FINRA

FINRA’s New Examinations Unit Discussed

Examinations and Risk Monitoring UnitFINRA, the Financial Industry Regulatory Authority, will have evolution for its examination program in 2020. 

On the latest episode of FINRA’s Unscripted podcast, the three guests were all part of the Examination and Risk Monitoring unit. 

The three guests were: Ornella Bergeron, senior vice president of the carrying and clearing and diversified firm groups; Tom Nelli, senior vice president of exams and standards; and Bill St. Louis, senior vice president of the retail and capital markets firm group.

The Examination and Risk Monitoring unit is headed by Bari Havlik who appeared on Unscripted a couple weeks back; her podcast can be found here

In December 2019, Havlik announced a new leadership team which included Nelli, St. Louis, and Bergeron had been hired on. 

A FINRA’s December 12, 2019, press release described the transformation. 

FINRA announced today the senior leadership team under the new examination and risk monitoring structure within the organization. This marks the consolidation of FINRA’s three exam functions into a single, unified program—a process that began in October 2018.

“FINRA regulates more than 3,600 firms and 630,000 individual brokers, and regularly examines every firm for compliance with FINRA’s rules and those of the Securities and Exchange Commission and the Municipal Securities Rulemaking Board. Those examination responsibilities previously were divided among three different programs responsible for business conduct, financial and trading compliance. The consolidation brings those programs under a single framework designed to better direct and align examination resources to the risk profile and complexity of member firms. The FINRA360 organizational review helped inform the development of the new framework by identifying areas for improvement in the current programs.”

On the podcast, Nelli described in some more detail how the evolved structure of the Examination and Risk Monitoring unit would affect the examination process going forward. 

“Effective in January, each firm will be placed into one of the five groupings, and those five groupings are retail, capital markets, diversified, carrying and clearing, and trading and executions. And the examiners and the risk monitoring staff, and the investigators are all going to be residing in one of those five groupings.” Nelli said, “That’s really to help facilitate consistency and to grow familiarities in these business models. In a risk-based examination program, the better you understand the firm the better you are at identifying the risks and tailoring your exam to go at those risks.”

St.
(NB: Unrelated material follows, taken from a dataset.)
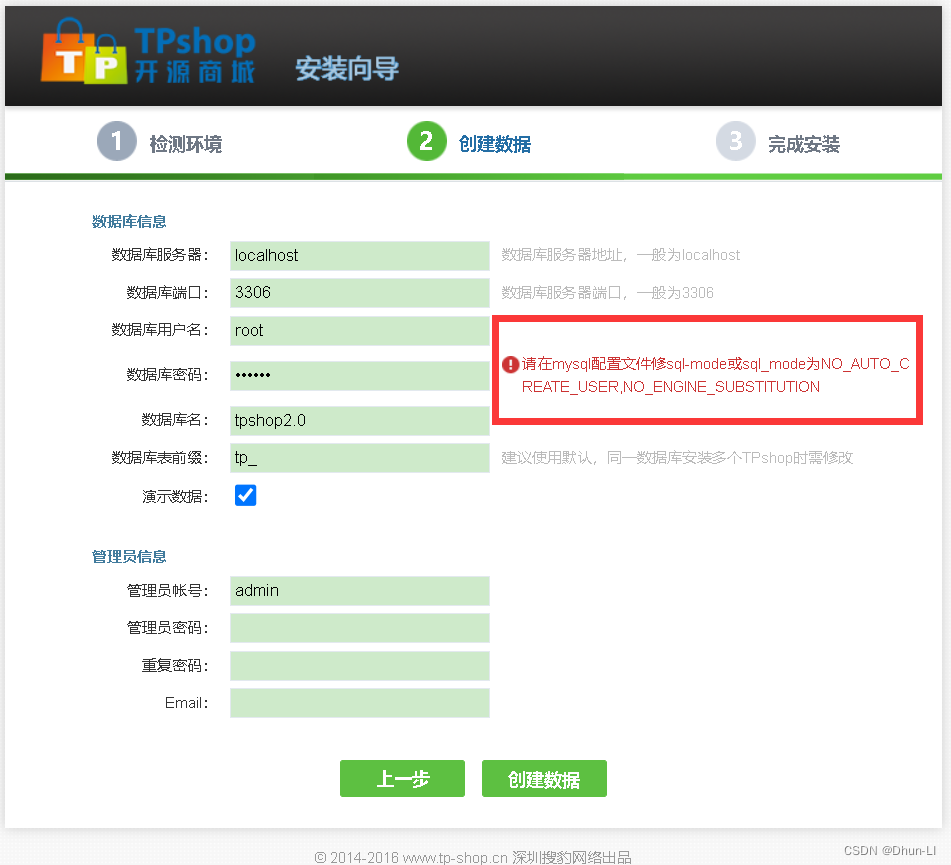 服务器、端口、数据库名、前缀默认即可,需要填写数据库用户名、密码、和管理员信息

Louis noted in the podcast that retail clients add to the risk for a firm. 

“It can be significantly different. For example, some sub-groupings don’t have retail clients. Their risks in that area may be significantly lower than obviously groups that have retail clients.”
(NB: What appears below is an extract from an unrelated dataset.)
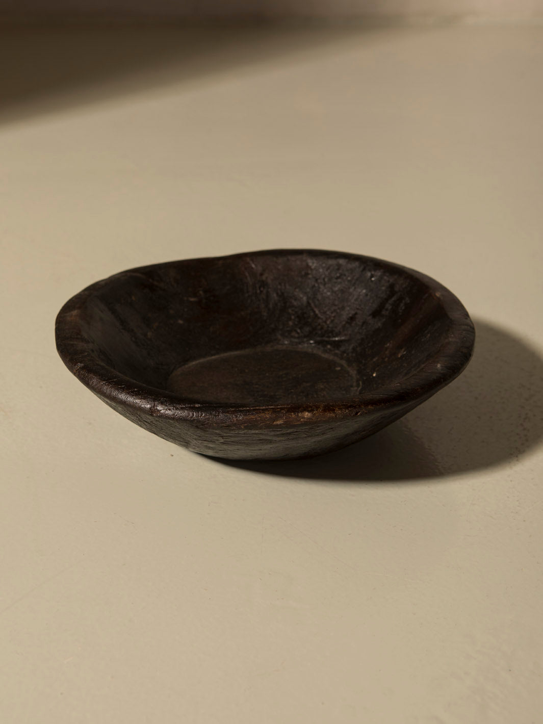 Black pocket emptying bowl in black patinated elm wood.

He noted further that the new structure will help FINRA to tailor exams and risk monitoring, “Because we’re going to be set up in this subject matter experts both on the risk monitoring side and on the exam side, we will be able to identify what do the firms primarily do and focus on those particular risks, and they can vary greatly depending on the types of firms.”

As one example, a firm without retail clients would need less attention from FINRA oversight and examination focused on the firm’s sales practice. 

FINRA is a self-regulatory organization; it was formed in 2007 when the regulatory arms of NYSE and NASD merged.